Coursera: Machine Learning (Week 4) [Assignment Solution] - Andrew NG

▸ One-vs-all logistic regression and neural networks to recognize hand-written digits.

I have recently completed the Machine Learning course from Coursera by Andrew NG.

While doing the course we have to go through various quizzes and assignments.

Here, I am sharing my solutions for the weekly assignments throughout the course.

These solutions are for reference only.

> It is recommended that you should solve the assignments by yourself honestly then only it makes sense to complete the course.

> But, In case you stuck in between, feel free to refer to the solutions provided by me.

NOTE:

Don't just copy-paste the code for the sake of completion.

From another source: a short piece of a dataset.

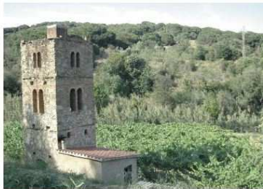
La torre de l'Estre vall de San Pau, a Mas Gall.

La sessió plenària del 22 de febrer va aprovar per unanimitat l'Inventari d'arquitectura rural i popular d'Alella, un treball elaborat durant l'any 2006 per un equip d'arqueòlegs. El document consta de dos volums i descriu un total de 127 elements que s'han classificat en quatre grups segons la seva tipologia: elements arquitectònics de reguard, treball i aïoliopluc oom poden ser barraques o coves entaïolades al sòl, elements relacionats amb l'abastament d'aigua com pous, mines o basses, elements arquitectònics relacionats amb la contenció de terres i construccions de caràcter religiós. Per dur a terme la catalogació, l'equip ha realitzat un minuciós treball de camp sobre el terreny i s'ha comptat, en moltes ocasions, amb informació facilitada per diverses fonts orals.

Even if you copy the code, make sure you understand the code first.

Click here to check out week-3 assignment solutions, Scroll down for the solutions for week-4 assignment.

In this exercise, you will implement one-vs-all logistic regression and neural networks to recognize hand-written digits. Before starting the programming exercise, we strongly recommend watching the video lectures and completing the review questions for the associated topics.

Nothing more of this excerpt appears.